Журавлиный крик - Быков Василь Владимирович (книги полностью .TXT) 📗
— Пшеничный вот смылся, — мрачно сообщил Овсеев. — И правильно сделал.
— Как смылся? — простодушно удивился Глечик, подняв на Овсеева большие чистые глаза.
— А вот так. Махнул в тыл и теперь, может, где-нибудь в обозе портянки сушит.
Глечик уныло потупился, нахмурил белесые брови, стараясь осознать смысл таинственного исчезновения Пшеничного. Как можно было бросить товарищей, взвод, удрать в тыл? Этого Глечик, сколько ни старался, понять не мог.
Пока Глечик мучительно раздумывал, Овсеев медленно отошел в траншею и исподлобья внимательно наблюдал за ним. Первый вариант его плана провалился в самом начале, и теперь Овсеев с присущими ему хитростью и изворотливостью думал, что предпринять еще. Сговариваться с Глечиком, видимо, не имело смысла: парень он недалекий и теперь слегка обстрелялся, осмелел и бежать, вероятно, не согласится.

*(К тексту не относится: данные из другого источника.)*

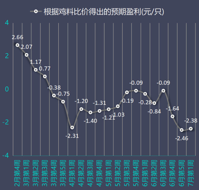 如上图,自2021年3月第4周开始亏钱以来,养鸡已经连亏16周,且6月第5周创下最大亏幅,7月第1周依然狠亏。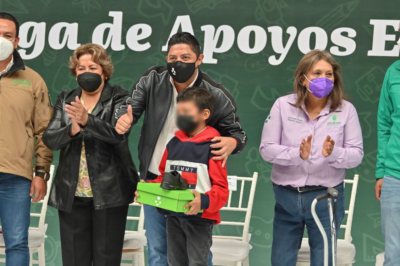 • Arrancó en Soledad de Graciano Sánchez la entrega de mochilas, útiles escolares y zapatos, que beneficiará a 35 mil jóvenes de este municipio

Не решаясь окончательно раскрыть ему свое намерение, Овсеев прикидывал и так и эдак, пока громкий голос Карпенко снова не встревожил весь переезд:
— К бою!
Невольно подчиняясь команде, Овсеев схватился за пулемет, испуганно бросился на свое место Глечик, а старшина властно и сурово командовал:
— Свист, на прицел — танки! Овсеев — по пехоте. Глечик — гранаты к бою! Замри! Огонь по команде!
И опять над переездом нависла смертельная опасность. Вдали по хорошо просматриваемой дороге на выезде из деревни, крыши которой чуть виднелись из-за пригорка, показались немцы. Видимо, это была большая колонна, она двигалась медленно с несколькими танками во главе.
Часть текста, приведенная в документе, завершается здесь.